The annular sleeve 18 is configured as a pressure-sensitive moveable trigger that functions as a primary activation system for initiating a down hole operation in the wellbore. In this regard, the sleeve 18 includes a first end 46 having a first area and an opposite second end 50 having a second area that is smaller than the first area. The first and second areas may be axially projected areas obtained by calculating the area of the apparent shape of the sleeve 18 when viewed in the direction of arrow A1 for the first area and in the direction of arrow A2 for the second area.

In the illustrated embodiment, the sleeve 18 includes a substantially constant inner diameter 54 and a stepped outer diameter 58 such that a first portion 62 of the sleeve 18 adjacent the first end 46 may have a greater outer diameter and wall thickness than a second portion 66 of the sleeve 18 adjacent the second end 50. Although other configurations are possible, the stepped outer diameter of the sleeve 18 contributes to the resulting difference between the first area and the second area.

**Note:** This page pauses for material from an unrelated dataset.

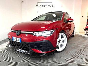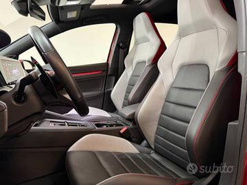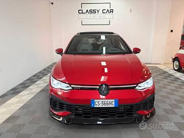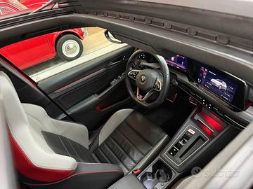 Volkswagen Golf 2.0 tsi GTI Clubsport 300cv DSG Con la Clubsport, Volkswagen ha portato il concetto di Golf GTI al livello successivo. Non e' solo questione di numeri, anche se fanno impressione, ma tutto il progetto e' stato rivisto in profondita' per creare la GTI definitiva per gli amanti delle alte prestazioni. A livello di motore troviamo il medesimo fenomenale motore 2.0 turbo benzina E888 Evo4 che, grazie alla turbina Continental piu' grande, agli iniettori maggiorati cosi' come l'intercooler e alla nuova elettronica sviluppa 55cv in piu' della GTI, arrivando cosi' a ben 300 cv e 400 NM di coppia massima. A questo si aggiunge l'enorme lavoro fatto dai tecnici per affinare anche il comparto telaistico. La prima novita' e' l'aggiunta del differenziale elettro-meccanico VAQ, decisamente piu' performante di quello di serie sulla GTI standard. Tutti gli elementi elastici sono specifici, cosi' da avere un comportamento su strada piu' agile ed efficace, specifico per l'utilizzo in pista. L'assetto, oltre ad avere angoli specifici, e' ribassato e irrigidito e grazie al sistema di gestione delle modalita' di guida Vehicle Dynamics Manager si possono selezionare diverse modalita' di guida, compresa quella denominata "Nurburgring" apposita per il noto circuito tedesco. Il cambio e' il noto DSG doppia frizione a 7 rapporti. Questo esemplare, uno dei pochissimi arrivati su mercato italiano, e' completo. Troviamo infatti optional a pagamento come il tetto panoramico apribile, i sedili in pelle riscaldabili e regolabili elettricamente, head-up display, impianto audio maggiorato, fari e fanali FULL LED, retrocamera e assetto elettromagnetico DCC. Tutto questo si aggiunge all'infinita lista di optional di serie quale il cruise control adattativo, cerchi in lega da 19 pollici, ambient light, climatronic a 2 zone, volante in pelle con comandi touch, display multifunzione a colori 10.25" Digital Cockpit Pro DAB+, sistema keyless, palette DSG, navigatore D Offerta n. 103-

In the illustrated embodiment, the outer diameter of the first portion 62 of the sleeve 18 may engage the inner surface 42 of the base pipe 22, and may include a seal 72 positioned therebetween. Also in the illustrated embodiment, the outer diameter of the second portion 66 of the sleeve 18 may engage a substantially annular collar 76 that may be fixed with respect to the base pipe 22 such that the sleeve 18 is received by and axially slidable within the collar 76. An additional seal 84 may also be provided between the sleeve 18 and the annular collar 76. As shown, the collar 76 is located in an annular space between the second portion 66 of the sleeve 18 and the inner surface 42 of the base pipe 22. One or both of the collar 76 and the sleeve 18 may include additional seals, such as the seal 80, for sealing the engaging surfaces of the collar 76, the sleeve 18, and the base pipe 22.

The primary activation system for initiating a down hole operation in the wellbore may also include a force-sensitive and releasable latch for preventing substantial movement of the sleeve 18 with respect to the base pipe 22 until a predetermined force is applied to the sleeve 18. For example, the primary activation system may include a latch in the form of the seals 72 and 84, which may be configured to limit via friction movement of the sleeve 18 with respect to the base pipe 22 until a predetermined force is applied to the sleeve 18. In other embodiments, the primary activation system may include one or more shear pins (not shown) having a first end that is fixed with respect to the base pipe 22 and a second end that is fixed with respect to the sleeve 18. In still other embodiments, a shear lip or other force-sensitive and releasable securing elements may also or alternatively be provided to prevent substantial movement of the sleeve 18 with respect to the base pipe 22 until a predetermined force is applied to the sleeve 18.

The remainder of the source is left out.